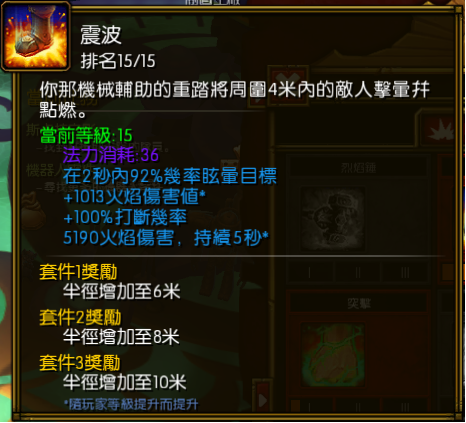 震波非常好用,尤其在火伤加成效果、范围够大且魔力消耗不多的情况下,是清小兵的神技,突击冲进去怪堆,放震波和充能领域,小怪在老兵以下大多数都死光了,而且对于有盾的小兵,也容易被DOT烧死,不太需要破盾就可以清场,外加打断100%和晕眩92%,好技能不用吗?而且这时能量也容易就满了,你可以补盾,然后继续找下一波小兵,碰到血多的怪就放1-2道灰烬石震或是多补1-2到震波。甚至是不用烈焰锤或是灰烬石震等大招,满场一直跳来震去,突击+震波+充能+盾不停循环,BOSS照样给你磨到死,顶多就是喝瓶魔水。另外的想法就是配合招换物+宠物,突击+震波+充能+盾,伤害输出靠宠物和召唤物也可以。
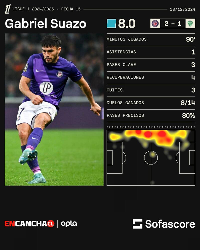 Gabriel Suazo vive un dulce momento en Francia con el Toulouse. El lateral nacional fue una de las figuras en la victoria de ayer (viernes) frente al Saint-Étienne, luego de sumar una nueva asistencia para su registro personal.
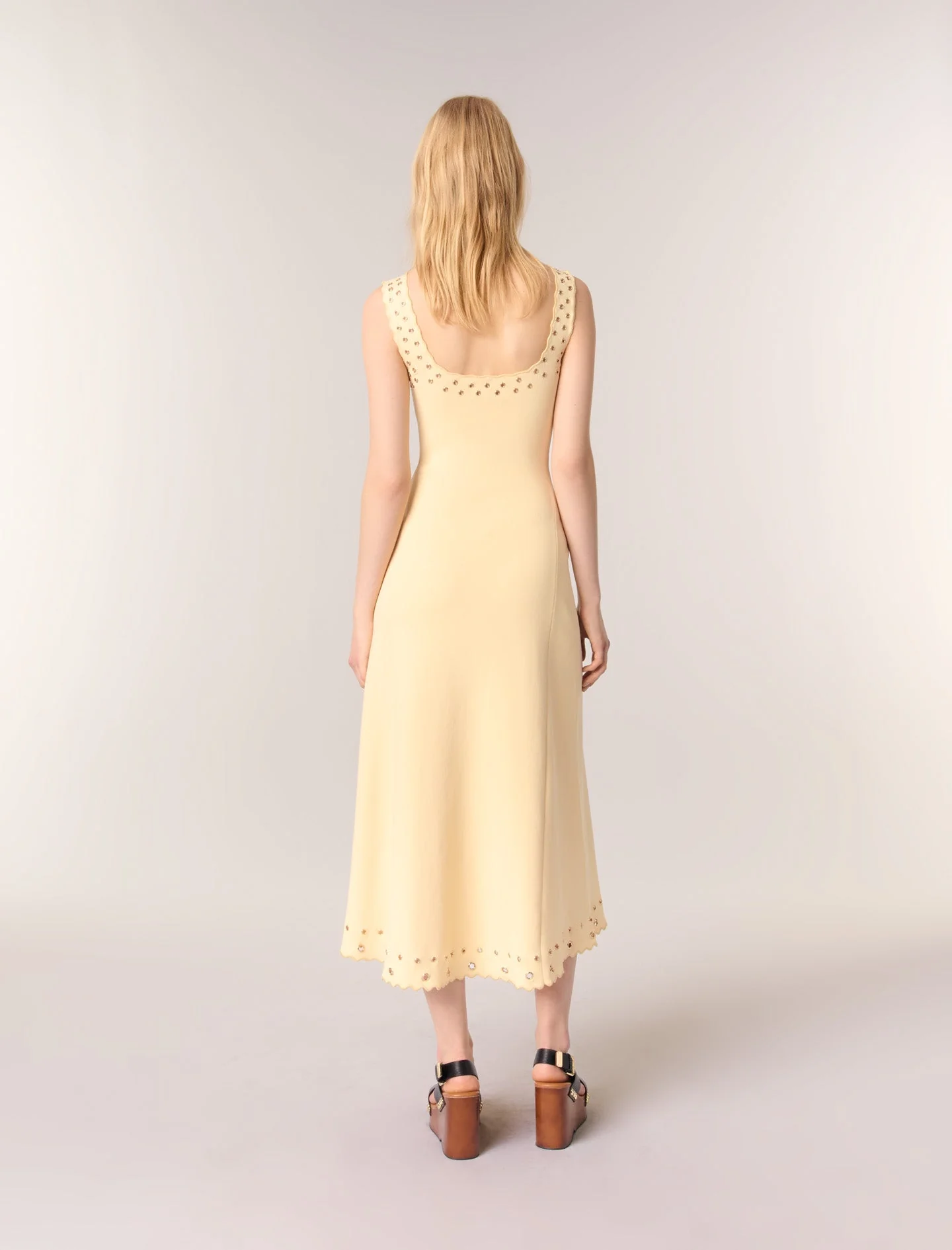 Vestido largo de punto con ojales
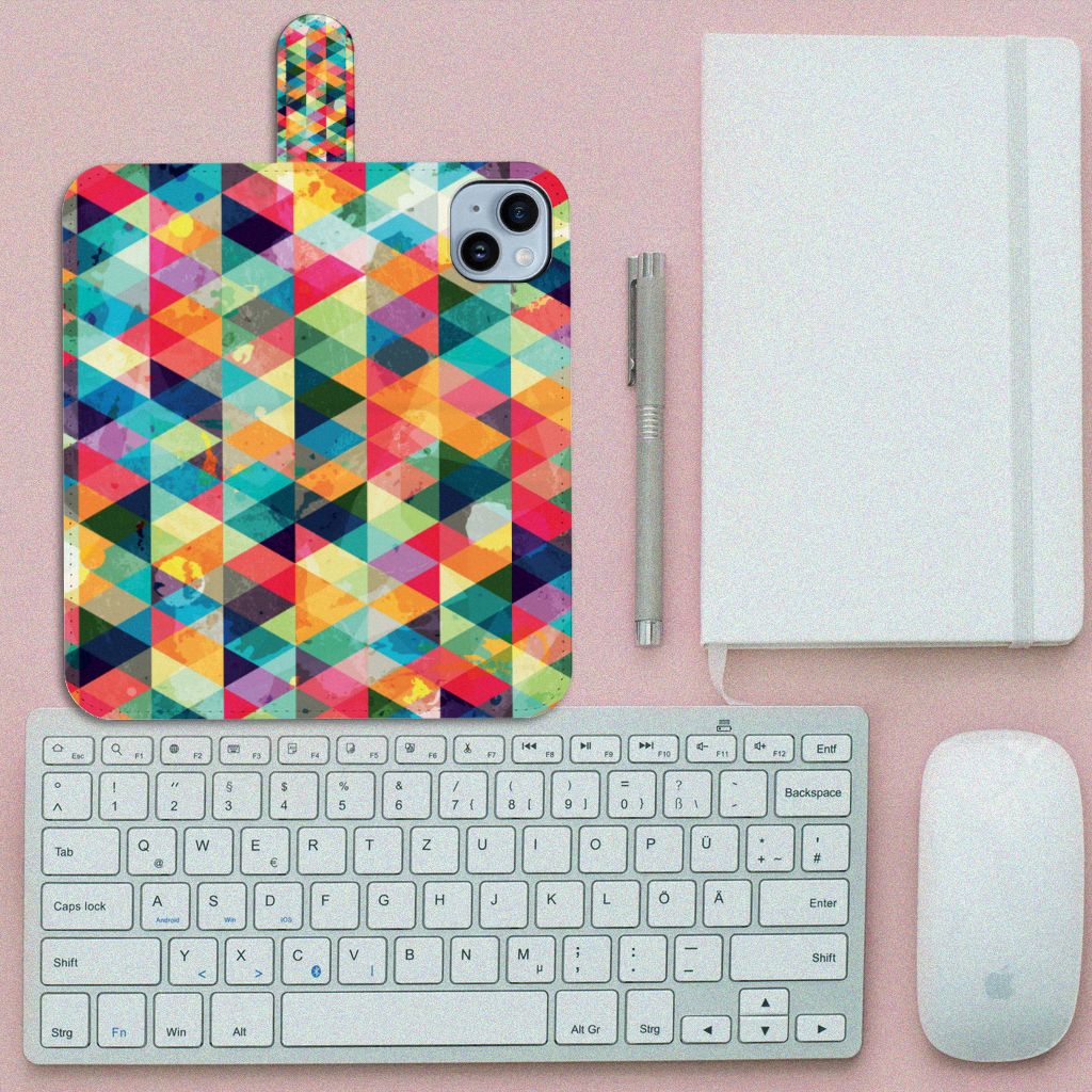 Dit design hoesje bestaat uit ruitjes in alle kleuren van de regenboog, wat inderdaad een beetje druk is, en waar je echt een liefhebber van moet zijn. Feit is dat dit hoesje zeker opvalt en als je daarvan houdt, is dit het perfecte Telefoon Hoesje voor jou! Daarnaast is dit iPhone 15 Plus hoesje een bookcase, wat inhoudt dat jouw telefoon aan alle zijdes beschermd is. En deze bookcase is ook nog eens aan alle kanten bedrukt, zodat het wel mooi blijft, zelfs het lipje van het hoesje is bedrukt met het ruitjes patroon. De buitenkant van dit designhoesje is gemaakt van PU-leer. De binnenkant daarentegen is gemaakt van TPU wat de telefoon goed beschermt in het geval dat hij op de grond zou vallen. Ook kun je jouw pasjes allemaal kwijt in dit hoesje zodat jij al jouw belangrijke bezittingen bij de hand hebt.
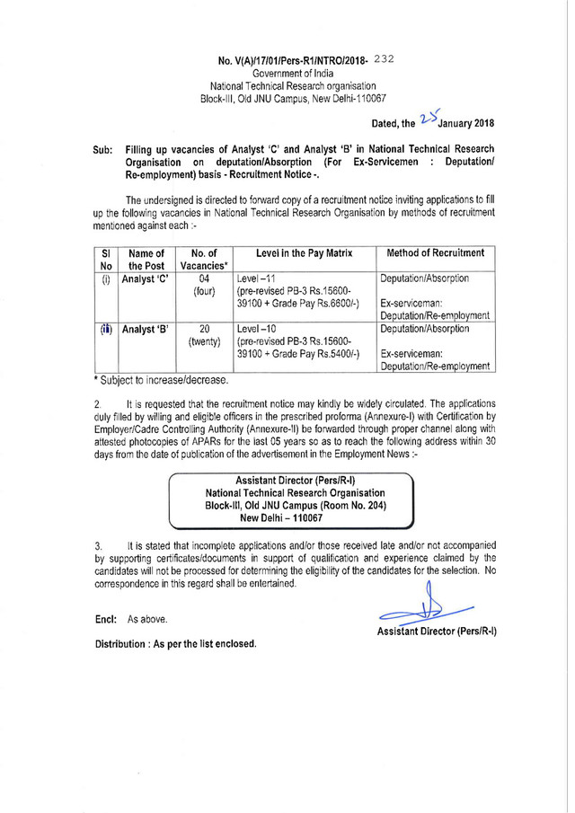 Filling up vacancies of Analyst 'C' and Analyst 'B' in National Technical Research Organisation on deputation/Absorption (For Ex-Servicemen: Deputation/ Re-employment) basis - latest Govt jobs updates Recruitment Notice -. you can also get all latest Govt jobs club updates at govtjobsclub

Task requirements: Retype the data shown above exactly, excluding any picture it contains.

Expected answer:
 震波非常好用,尤其在火伤加成效果、范围够大且魔力消耗不多的情况下,是清小兵的神技,突击冲进去怪堆,放震波和充能领域,小怪在老兵以下大多数都死光了,而且对于有盾的小兵,也容易被DOT烧死,不太需要破盾就可以清场,外加打断100%和晕眩92%,好技能不用吗?而且这时能量也容易就满了,你可以补盾,然后继续找下一波小兵,碰到血多的怪就放1-2道灰烬石震或是多补1-2到震波。甚至是不用烈焰锤或是灰烬石震等大招,满场一直跳来震去,突击+震波+充能+盾不停循环,BOSS照样给你磨到死,顶多就是喝瓶魔水。另外的想法就是配合招换物+宠物,突击+震波+充能+盾,伤害输出靠宠物和召唤物也可以。
 Gabriel Suazo vive un dulce momento en Francia con el Toulouse. El lateral nacional fue una de las figuras en la victoria de ayer (viernes) frente al Saint-Étienne, luego de sumar una nueva asistencia para su registro personal.
 Vestido largo de punto con ojales
 Dit design hoesje bestaat uit ruitjes in alle kleuren van de regenboog, wat inderdaad een beetje druk is, en waar je echt een liefhebber van moet zijn. Feit is dat dit hoesje zeker opvalt en als je daarvan houdt, is dit het perfecte Telefoon Hoesje voor jou! Daarnaast is dit iPhone 15 Plus hoesje een bookcase, wat inhoudt dat jouw telefoon aan alle zijdes beschermd is. En deze bookcase is ook nog eens aan alle kanten bedrukt, zodat het wel mooi blijft, zelfs het lipje van het hoesje is bedrukt met het ruitjes patroon. De buitenkant van dit designhoesje is gemaakt van PU-leer. De binnenkant daarentegen is gemaakt van TPU wat de telefoon goed beschermt in het geval dat hij op de grond zou vallen. Ook kun je jouw pasjes allemaal kwijt in dit hoesje zodat jij al jouw belangrijke bezittingen bij de hand hebt.
 Filling up vacancies of Analyst 'C' and Analyst 'B' in National Technical Research Organisation on deputation/Absorption (For Ex-Servicemen: Deputation/ Re-employment) basis - latest Govt jobs updates Recruitment Notice -. you can also get all latest Govt jobs club updates at govtjobsclub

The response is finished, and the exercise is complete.